I posted this as a comment in this semi-related question but I felt it needed a post of its own.
Does anyone know where you can find a list of the valid strings to pass to the dataType
argument of cast()
? I've looked and I find things like this or this but none of them are explicitly answering the question.
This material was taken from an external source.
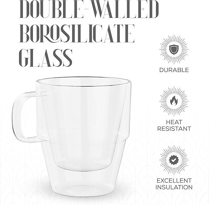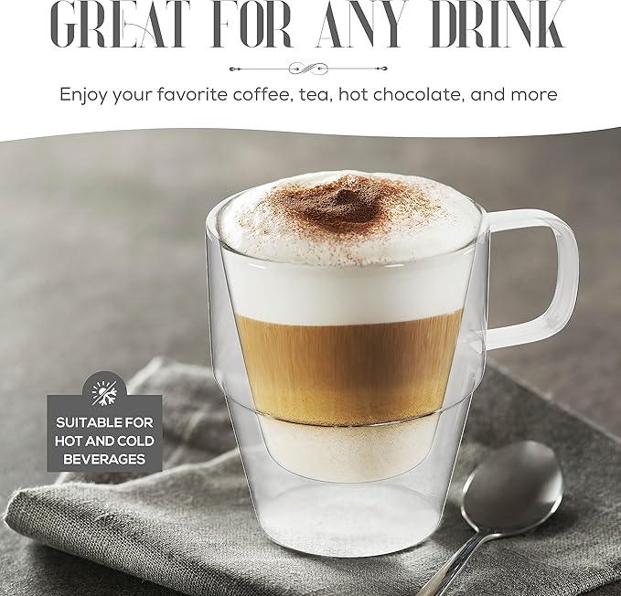 The elle decor Double Wall Clear Coffee Cups come in a set of 4 stackable espresso mugs. The double wall insulation keeps your beverage hotter or colder for longer, while the stackable feature saves space in your kitchen. Disclosure: We are a participant in the Amazon Services LLC Associates Program, an affiliate advertising program designed to provide a means for us to earn fees by linking to Amazon.com and Affiliate sites.

Also, I've found through trial-and-error that you can pass things like bigint
or tinyint
and those seem to work, though they are nowhere listed as valid Spark data types, at least not that I can find. Any ideas?
For some reproducibility:
df = spark.createDataFrame(
[
[18786, "attr1", 0.9743],
[65747, "attr1", 0.4568],
[56465, "attr1", 0.6289],
[18786, "attr2", 0.2976],
[65747, "attr2", 0.4869],
[56465, "attr2", 0.8464],
],
["id", "attr", "val"],
)
print(df)
This gives you DataFrame[id: bigint, attr: string, val: double]
, I guess by inferring the schema by default.
Then you can do something like this to re-cast the types:
from pyspark.sql.functions import col
fielddef = {'id': 'smallint', 'attr': 'string', 'val': 'long'}
df = df.select([col(c).cast(fielddef[c]) for c in df.columns])
print(df)
And now I get DataFrame[id: smallint, attr: string, val: bigint]
so apparently 'long'
converts to 'bigint'
. I'm sure there are other conversions like that.
Also, I had this weird feeling that it would just silently ignore invalid strings you pass it, but this is not true. When I tried passing 'attr': 'varchar'
in the fielddef
dict I got an DataType varchar is not supported...
error.
Any help is much appreciated!